[2000]. Peter! by St Peter; see note to l. 1034.

[2004]. Cunne ginne, know how to begin. (Gin, a contrivance, is monosyllabic).

[2009]. I substitute the dissyllabic swich-e for the monosyllabic these, to preserve the melody.

[2011]. 'To drive away thy heaviness with.'

[2017]. MS. F. has frot, which has no meaning, but may be a misspelling of froit, which is another form of fruit. As Koch says, we must read The fruit, remembering that Chaucer uses fruit in the peculiar sense of 'upshot' or 'result.'

'And for it is no fruit but los of tyme'; Squi. Ta., F 74.

'The fruyt of this matere is that I telle'; Man of Lawes Ta., B 411.
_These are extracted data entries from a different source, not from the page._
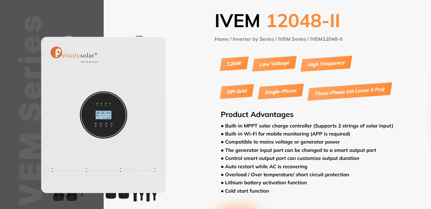 | Product Name | Felicity IVEM 12KVA 48V Inverter Single Phase off Grid Solar Inverter IVEM12048 |
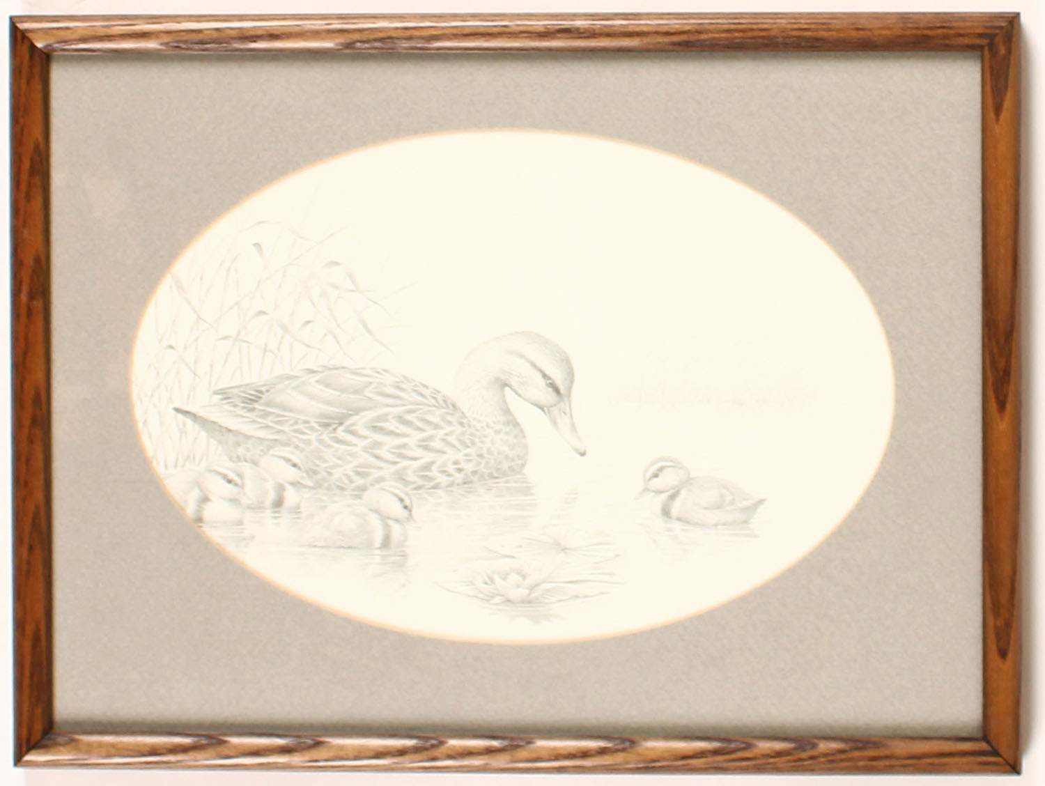 Print of mallard hen with here new born ducklings, 12'' x 8'' image size, framed & matted. Grade: Excellent - Value: 2 to 100
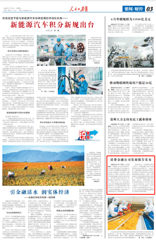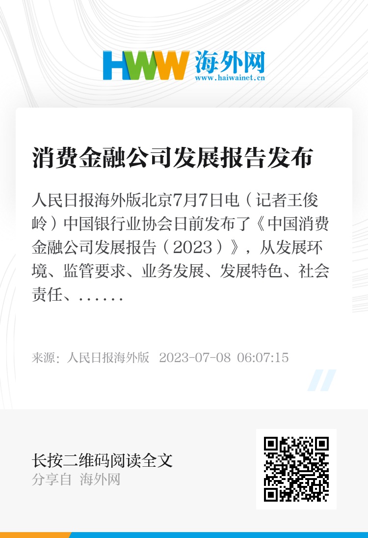人民日报海外版北京7月7日电(记者王俊岭)中国银行业协会日前发布了《中国消费金融公司发展报告(2023)》,从发展环境、监管要求、业务发展、发展特色、社会责任、发展趋势等六个维度,全面反映了2022年度消费金融公司的总体经营状况。报告显示,截至2022年末,消费金融公司服务客户突破3亿人次,达到3.38亿人次,同比增长18.4%;资产规模及贷款余额双双突破8000亿元,分别达到8844亿元和8349亿元,同比增长均为17.5%,高于经济和消费增速,为恢复和扩大消费需求作出了积极贡献。
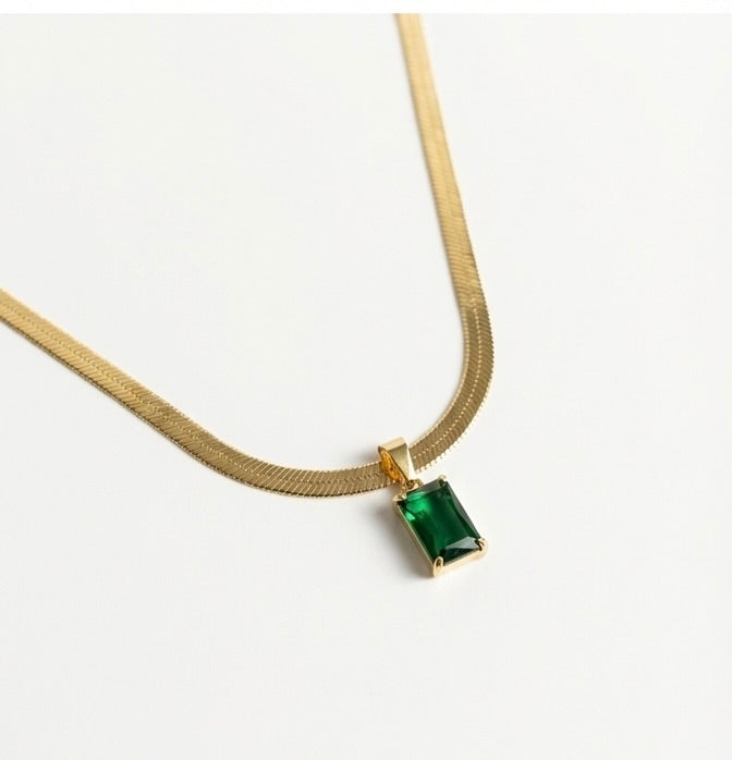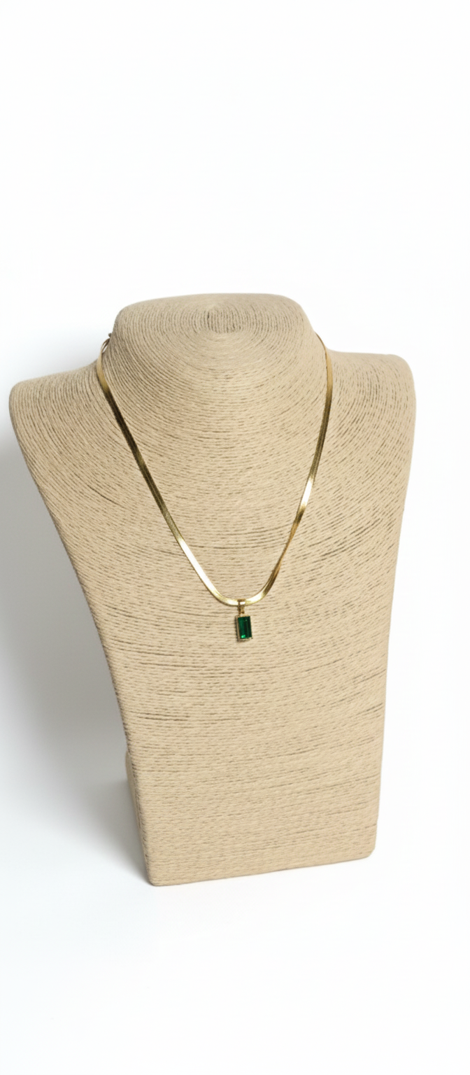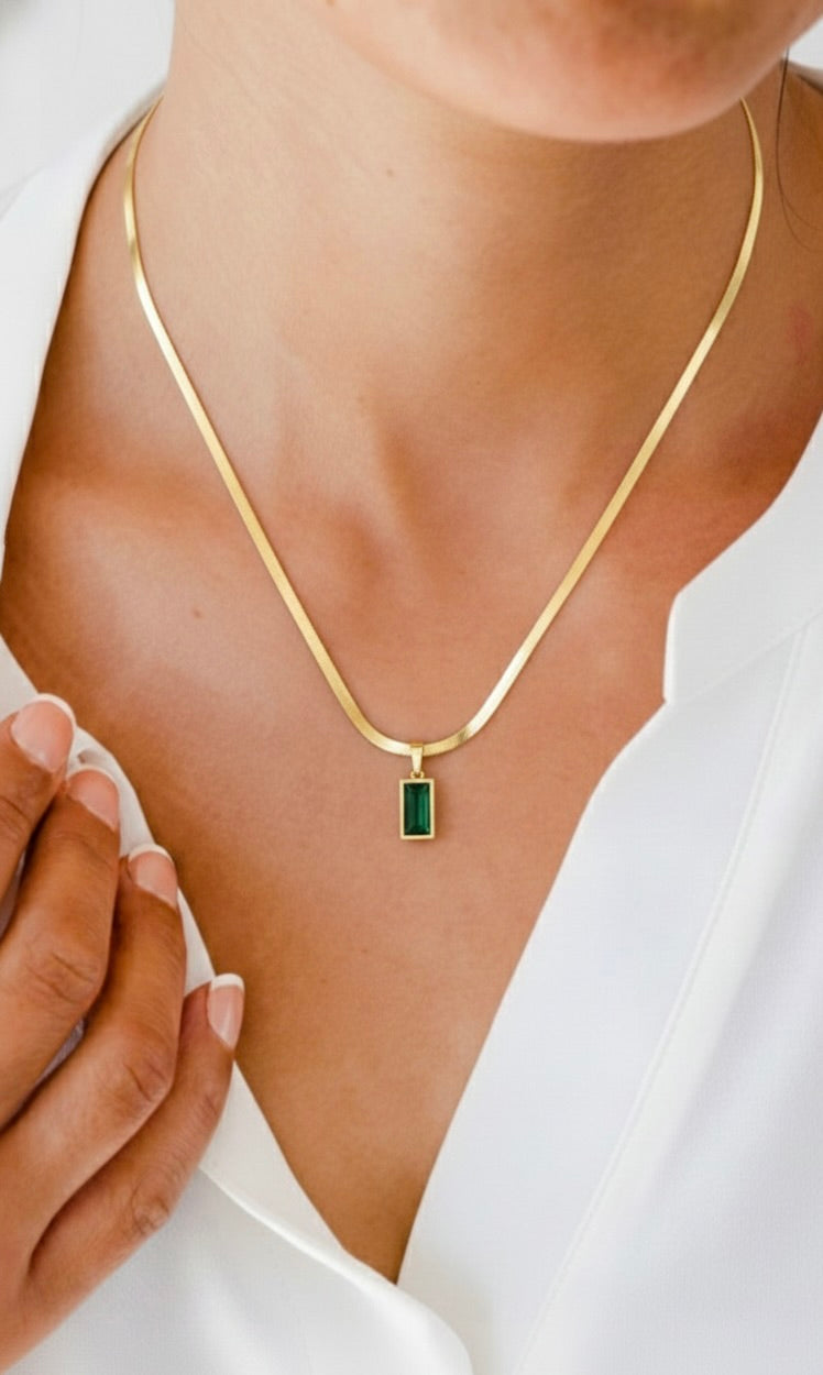 Add a pop of color to your style with the Lumia Green . Featuring a sleek snake chain in a luxurious gold finish, this piece is adorned with a vibrant emerald-green pendant for a bold and elegant statement.
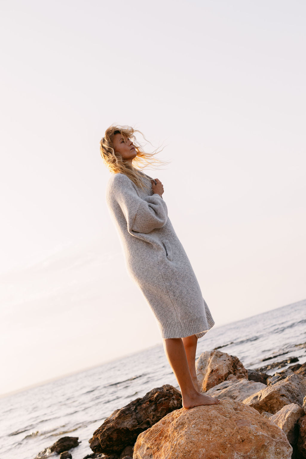 FLORENTINE es un abrigo de punto, con mangas efecto abullonado, estilo oversize y tejido italiano. Lo puedes elegir en dos largos diferentes, Uno midi por encima de tobillo o bien maxi.
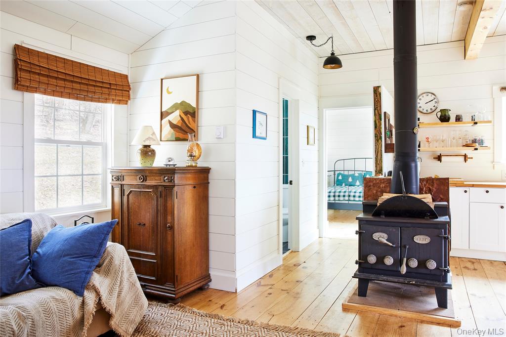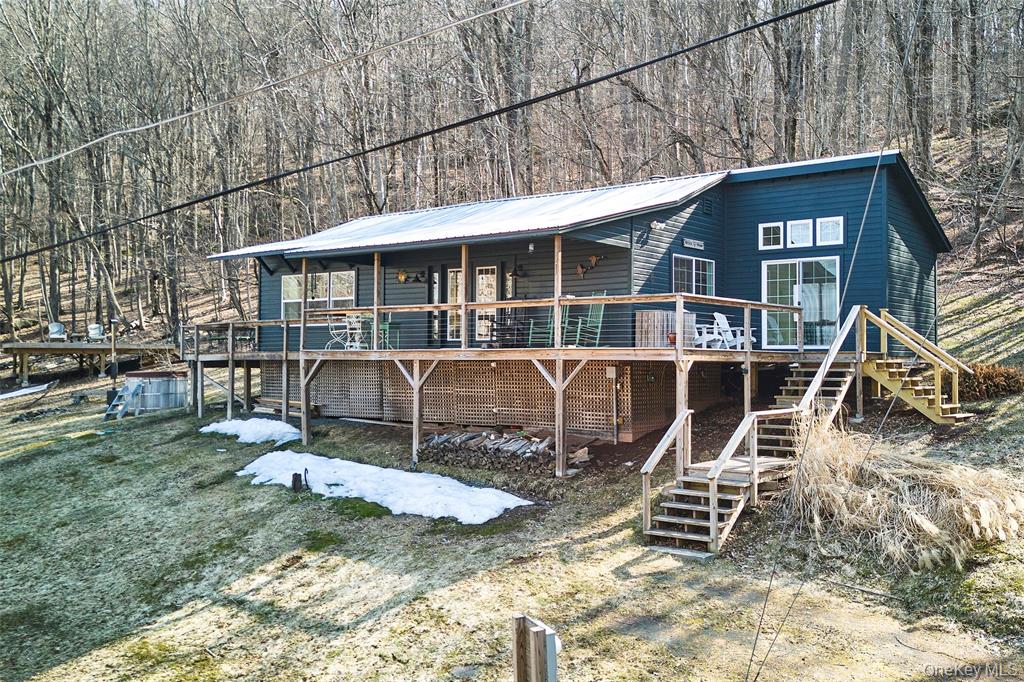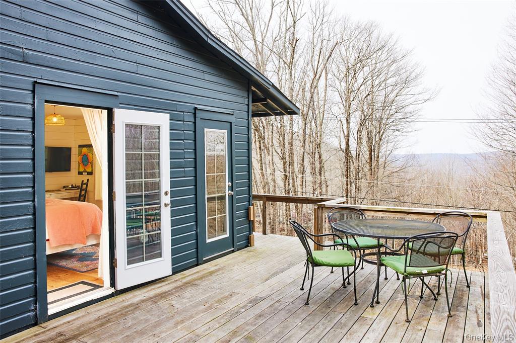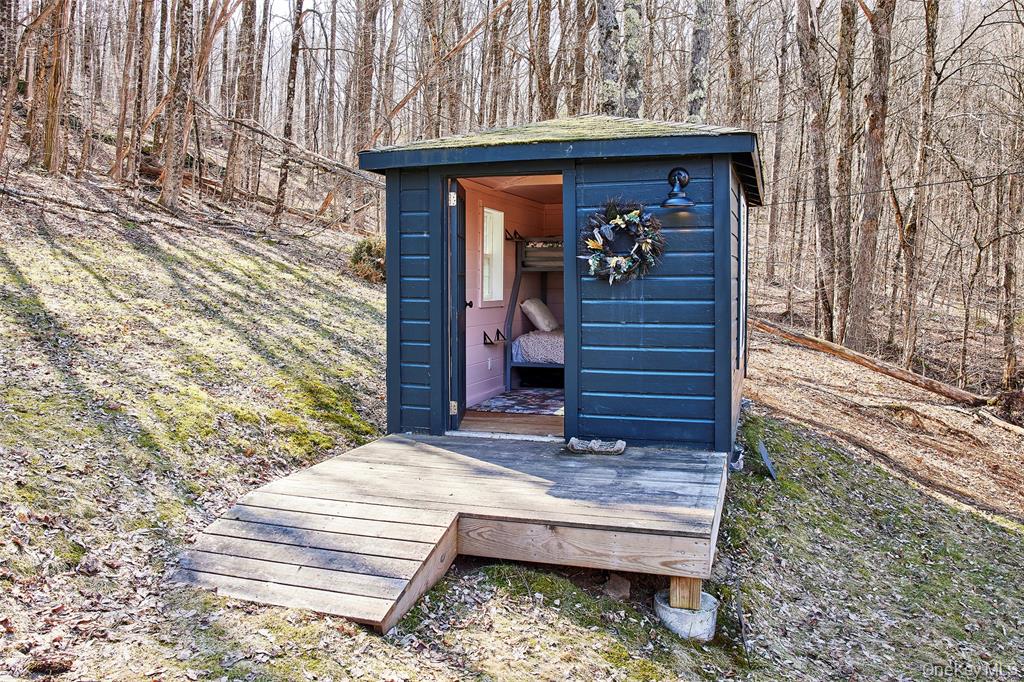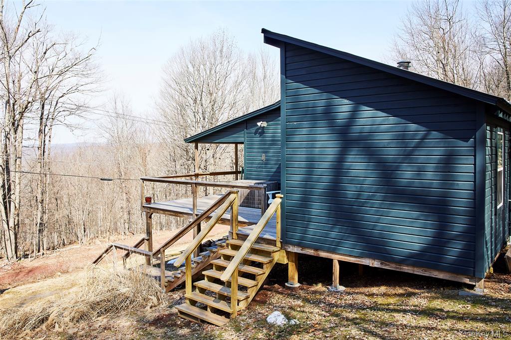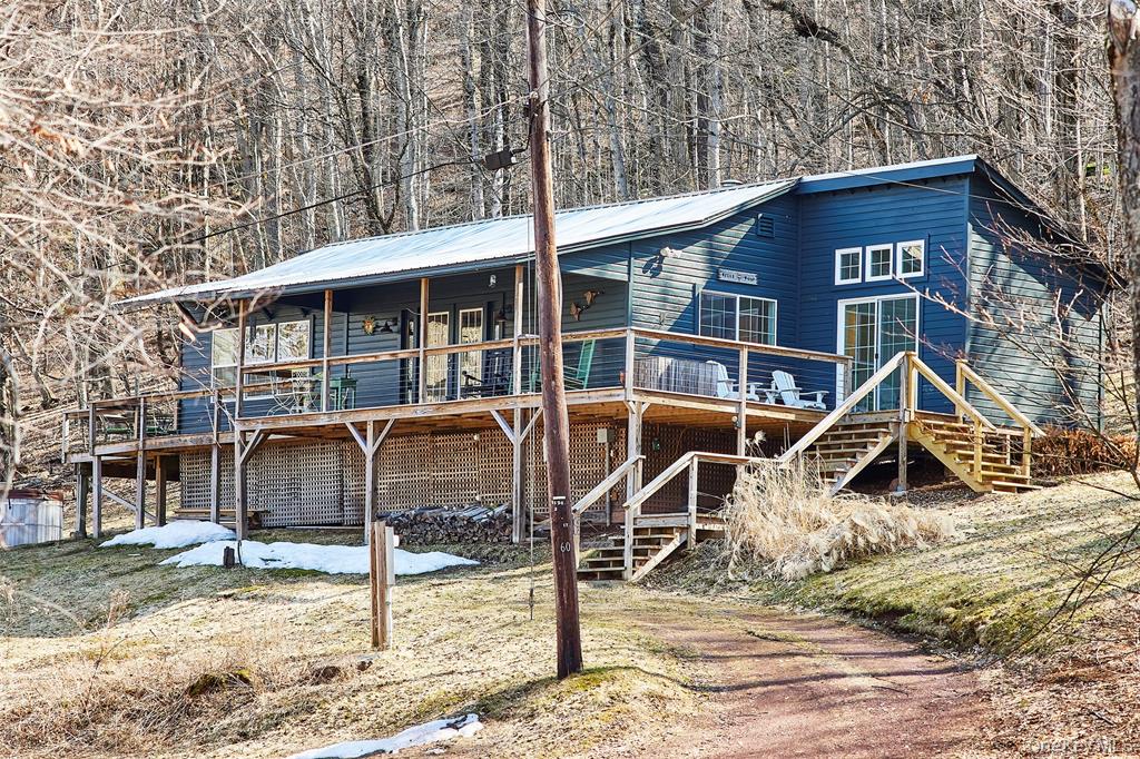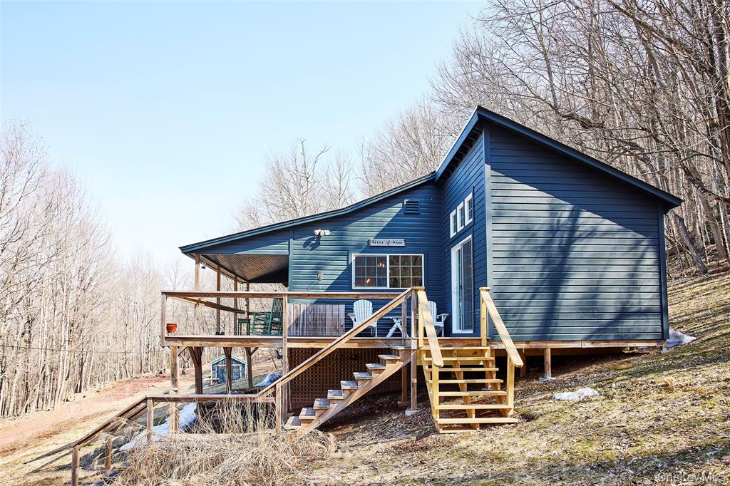 Sunrise Sanctuary at Hunter Lake. Wake up above the Catskills, where light, air, and stillness meet. Tucked into the rolling landscape of the Sullivan County Catskills, this fully updated, year-round 2-bedroom, 2-bath home sits on 1.77 private acres, offering the perfect balance of comfort, nature, and quiet inspiration, just 90 minutes from NYC. Start your mornings on the expansive sunrise-facing deck, where the sky opens in soft hues, and the surrounding forest and a wood-fired hot tub also face the sunrise. Inside, the home opens up beautifully with a spacious kitchen that flows seamlessly into an open floor plan living and dining area, creating an airy, connected space filled with natural light. The design feels both expansive and grounded, enhanced by warm textures and a woodstove that anchors the main living space, perfect for cozy evenings after a day outdoors. There is a 12 X 20 Work shed and a charming “she shed” studio that adds flexibility and character. Ideal as a creative retreat, workspace, or private guest escape. With access to Hunter Lake, you’re moments from kayaking, swimming, and quiet shoreline afternoons, bringing the full Catskills lifestyle to your doorstep. Whether youre searching for a weekend getaway, a full-time residence, or a short-term rental opportunity, this property captures the essence of what draws people to the mountains: light, land, and a slower way of living

In the present case, it would be used in a double sense; (1) of result, (2) of a fruit that withers and is ready to burst open. As to the spelling froit, we find froyte in the Petworth MS. in the latter of the above quotations, where other MSS. have fruyt or fruite. The swote (Cx. Th.) means 'the sweetness.'

[2019]. That, in this line, goes back to Sith that in l. 2007.

[2021]. I suppress in after yaf, because it is not wanted for the sense, and spoils the metre.